## INFORMATION SUPPLIED
##############################

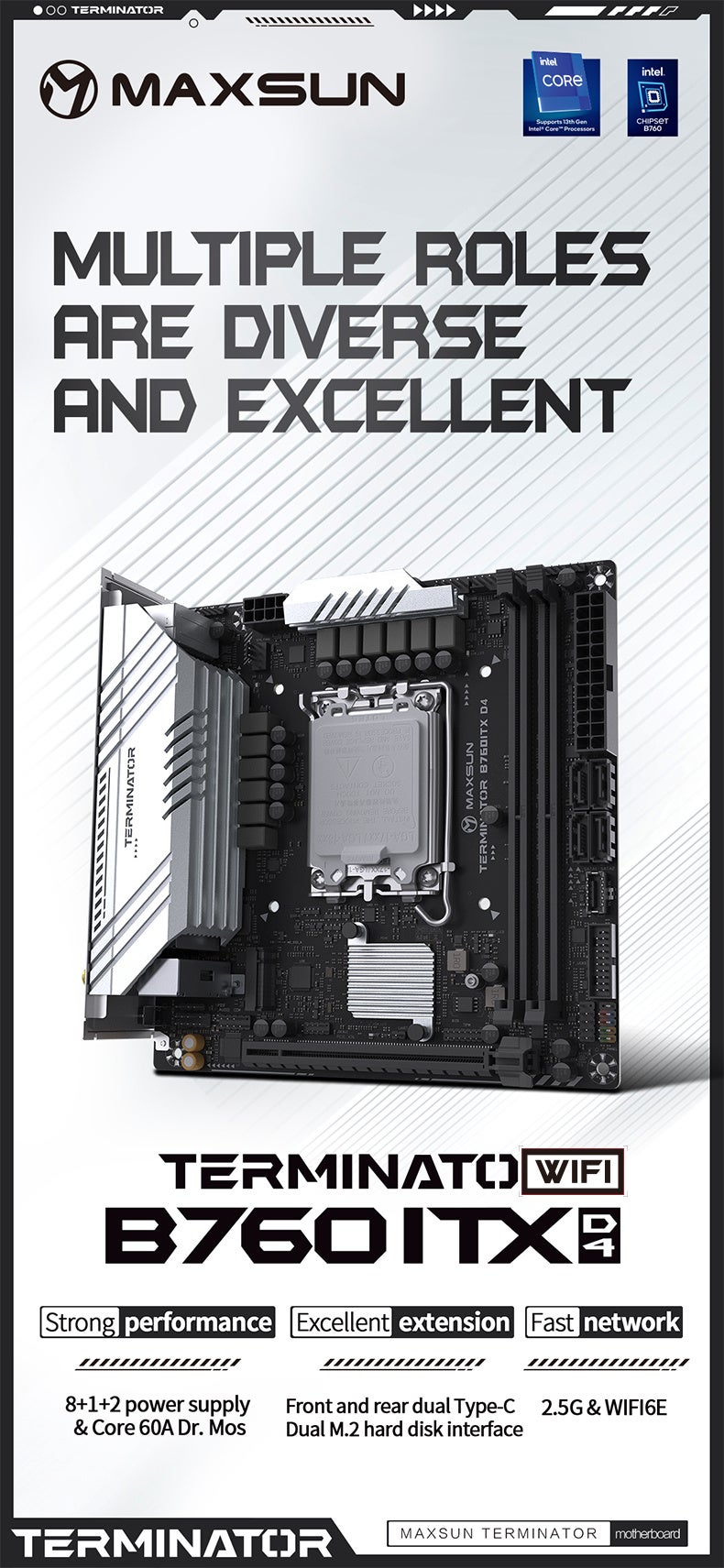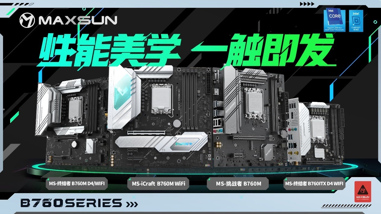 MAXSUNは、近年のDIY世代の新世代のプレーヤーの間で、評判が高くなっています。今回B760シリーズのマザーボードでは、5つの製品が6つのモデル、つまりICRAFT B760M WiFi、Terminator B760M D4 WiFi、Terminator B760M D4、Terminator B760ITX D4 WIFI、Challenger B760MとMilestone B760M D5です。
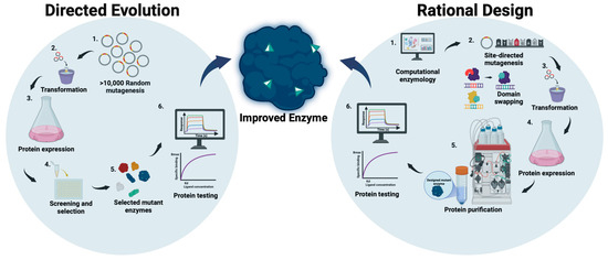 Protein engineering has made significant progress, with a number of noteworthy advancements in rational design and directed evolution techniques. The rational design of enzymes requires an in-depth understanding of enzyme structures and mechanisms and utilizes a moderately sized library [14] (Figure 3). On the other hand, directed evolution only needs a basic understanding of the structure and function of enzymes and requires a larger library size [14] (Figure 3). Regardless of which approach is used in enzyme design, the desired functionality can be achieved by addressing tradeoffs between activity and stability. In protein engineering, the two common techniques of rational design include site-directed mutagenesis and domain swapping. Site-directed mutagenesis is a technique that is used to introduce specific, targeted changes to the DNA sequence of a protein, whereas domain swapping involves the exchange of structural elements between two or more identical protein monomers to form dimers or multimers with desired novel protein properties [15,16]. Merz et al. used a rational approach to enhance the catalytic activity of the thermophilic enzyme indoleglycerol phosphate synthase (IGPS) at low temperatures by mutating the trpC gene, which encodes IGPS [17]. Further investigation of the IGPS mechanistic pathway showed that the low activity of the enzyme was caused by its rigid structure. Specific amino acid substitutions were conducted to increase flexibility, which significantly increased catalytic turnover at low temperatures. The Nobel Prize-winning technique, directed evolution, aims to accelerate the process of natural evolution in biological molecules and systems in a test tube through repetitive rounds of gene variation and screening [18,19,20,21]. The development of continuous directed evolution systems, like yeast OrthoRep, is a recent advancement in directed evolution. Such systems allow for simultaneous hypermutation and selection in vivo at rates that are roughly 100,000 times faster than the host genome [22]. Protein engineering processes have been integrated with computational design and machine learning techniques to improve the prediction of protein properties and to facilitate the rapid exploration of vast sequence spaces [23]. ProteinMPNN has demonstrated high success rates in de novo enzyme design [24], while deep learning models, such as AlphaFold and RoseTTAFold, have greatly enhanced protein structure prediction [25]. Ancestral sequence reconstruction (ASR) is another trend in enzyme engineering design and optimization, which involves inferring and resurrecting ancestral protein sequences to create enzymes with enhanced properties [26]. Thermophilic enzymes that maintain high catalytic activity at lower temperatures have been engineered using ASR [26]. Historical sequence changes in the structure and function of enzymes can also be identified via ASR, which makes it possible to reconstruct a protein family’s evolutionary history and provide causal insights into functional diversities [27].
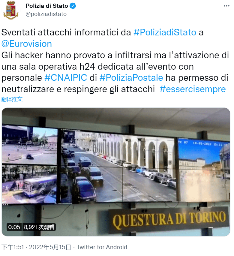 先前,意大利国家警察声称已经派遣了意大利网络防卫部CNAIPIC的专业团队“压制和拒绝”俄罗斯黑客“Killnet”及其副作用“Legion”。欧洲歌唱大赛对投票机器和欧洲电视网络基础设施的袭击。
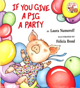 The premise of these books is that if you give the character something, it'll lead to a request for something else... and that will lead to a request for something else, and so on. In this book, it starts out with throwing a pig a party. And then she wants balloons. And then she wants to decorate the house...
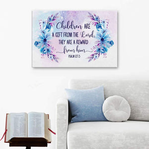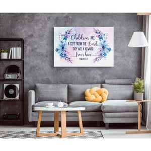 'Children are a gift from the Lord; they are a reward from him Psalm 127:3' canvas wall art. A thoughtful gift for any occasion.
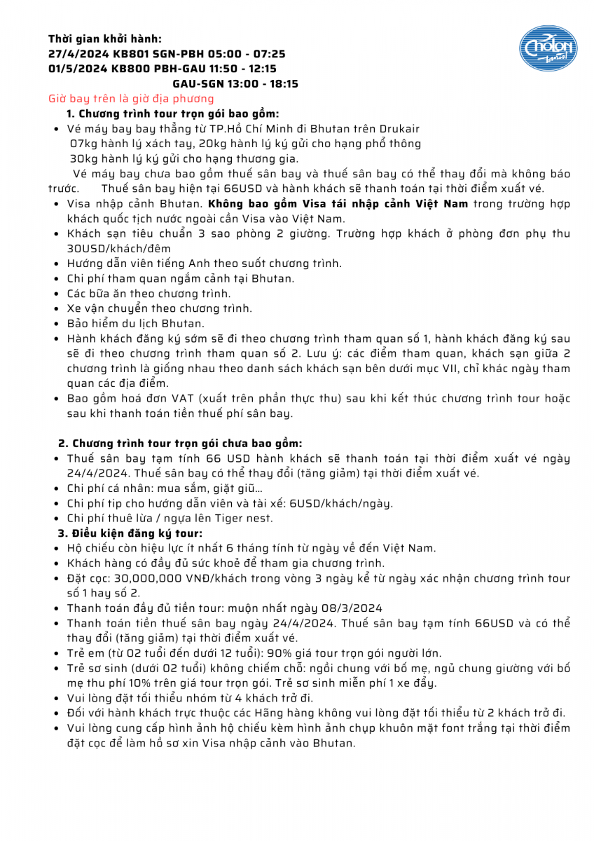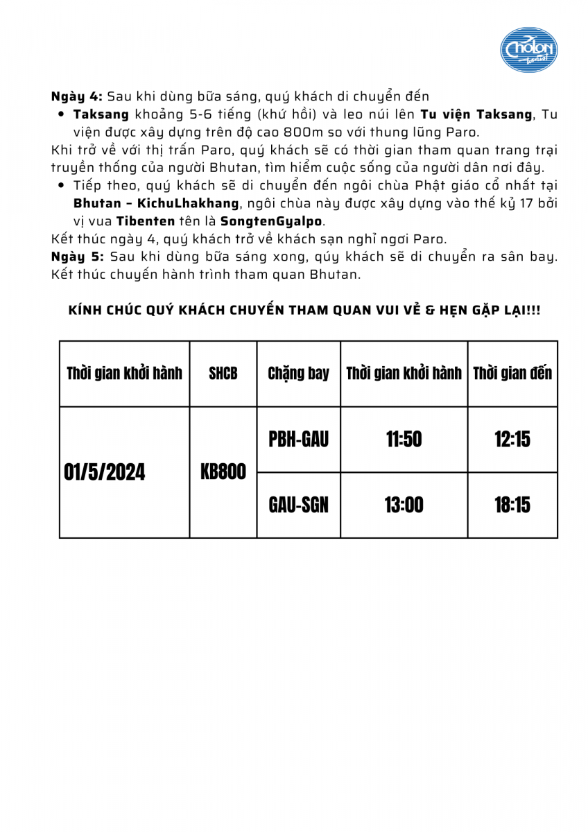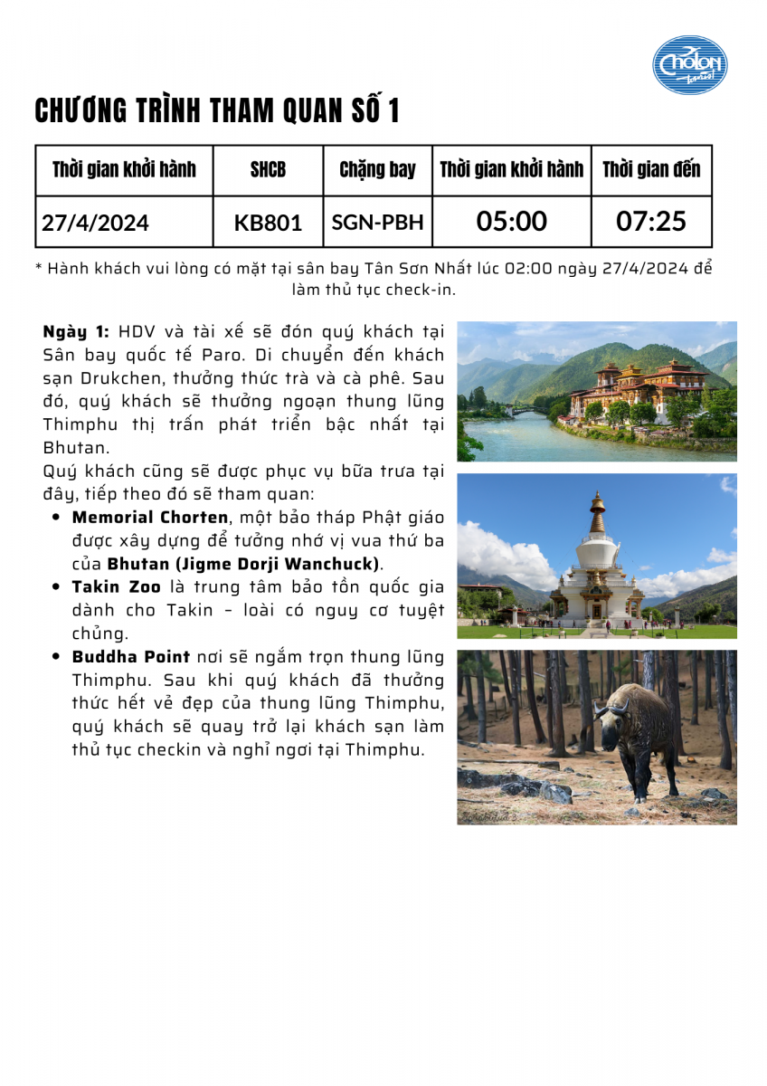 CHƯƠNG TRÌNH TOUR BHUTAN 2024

##############################

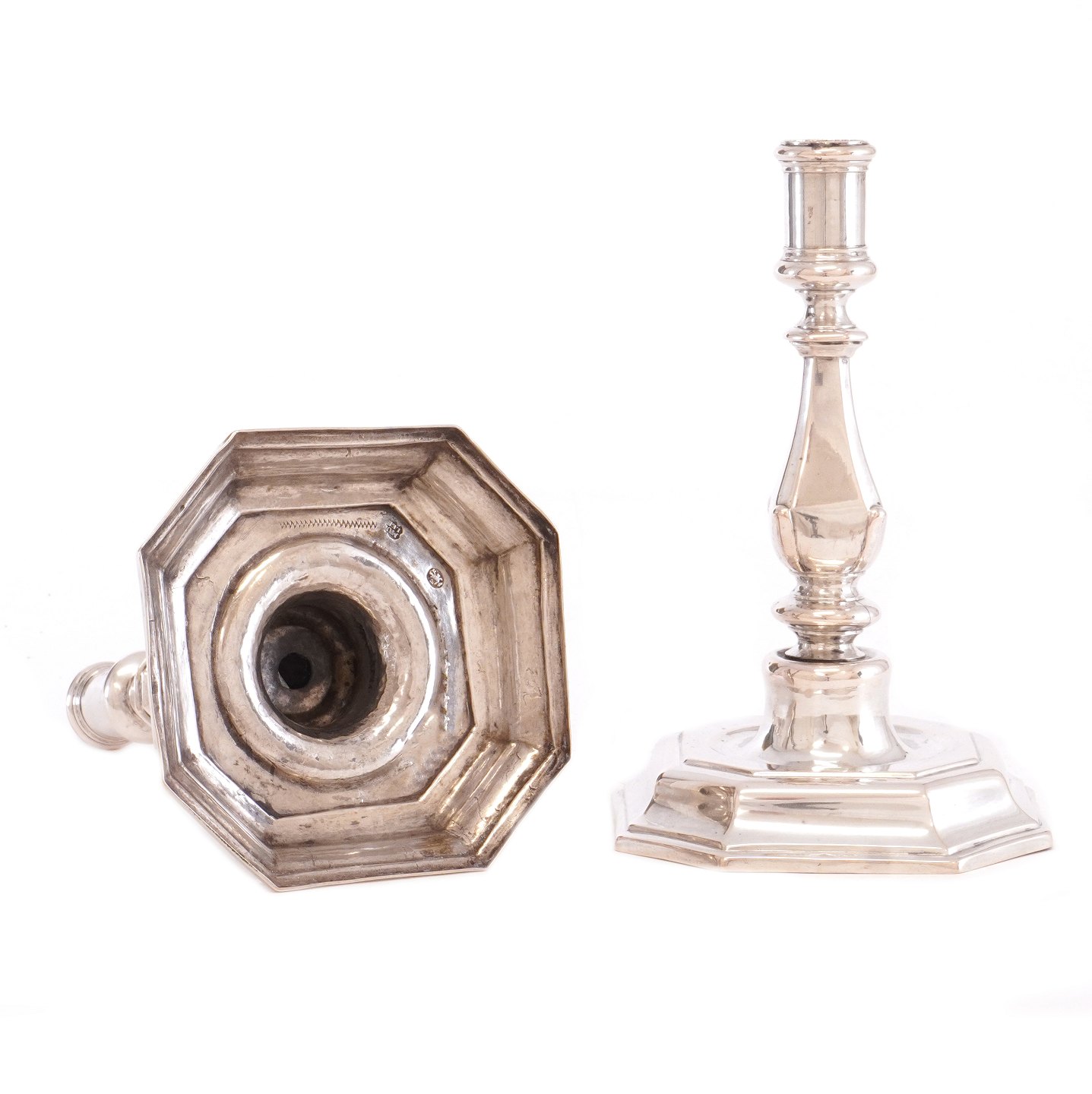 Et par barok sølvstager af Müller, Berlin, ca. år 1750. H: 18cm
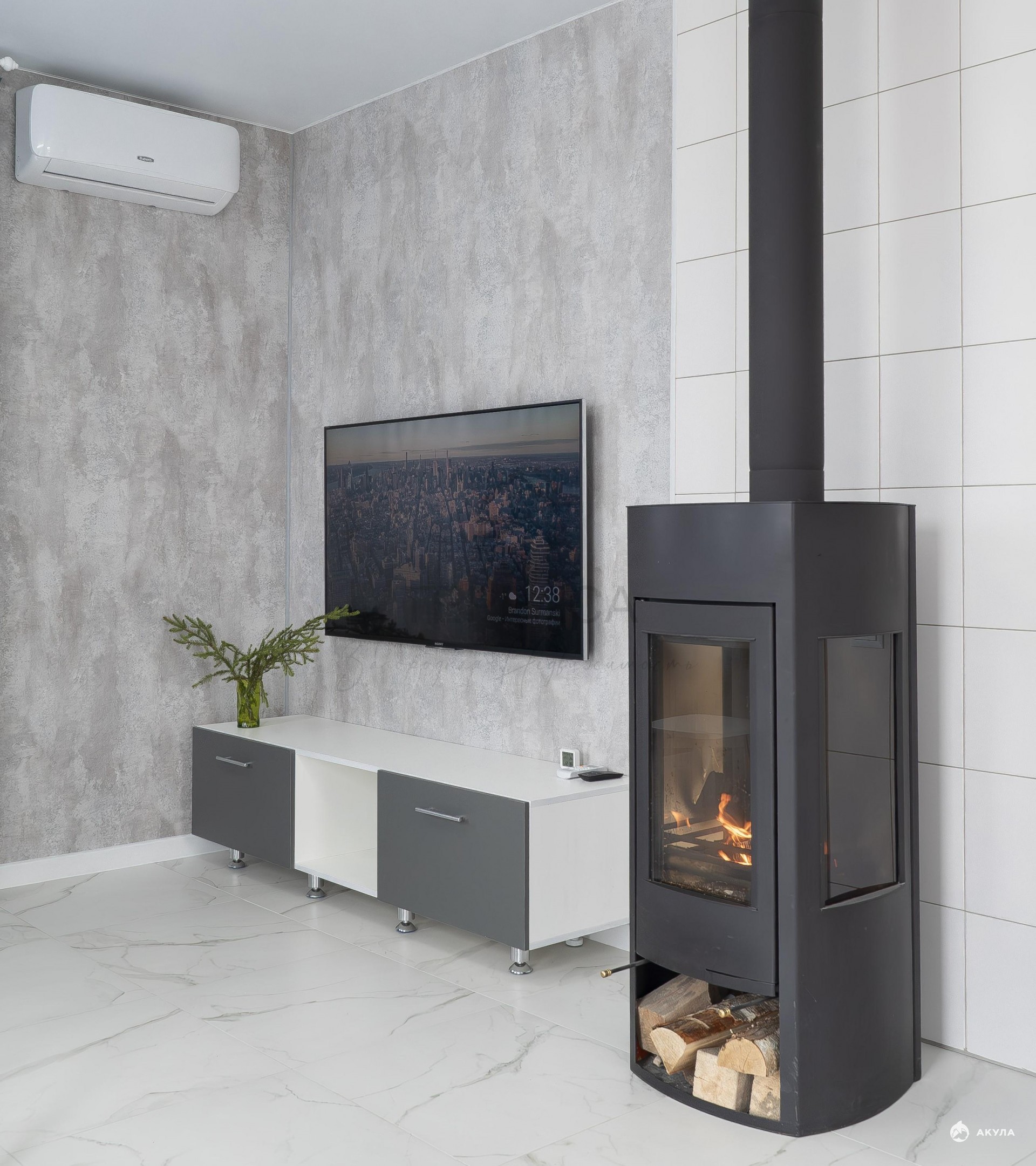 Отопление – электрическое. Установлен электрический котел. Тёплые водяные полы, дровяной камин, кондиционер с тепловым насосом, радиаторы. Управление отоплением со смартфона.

##############################

## EXERCISE REQUIREMENTS
Looking above, find the stretch of lines that opens with the one holding "for any occasion." and closes with the one holding "CHƯƠNG TRÌNH TOUR BHUTAN 2024". Copy it exactly, pictures excluded.

## RESPONSE TO THE TASK
 'Children are a gift from the Lord; they are a reward from him Psalm 127:3' canvas wall art. A thoughtful gift for any occasion.
 CHƯƠNG TRÌNH TOUR BHUTAN 2024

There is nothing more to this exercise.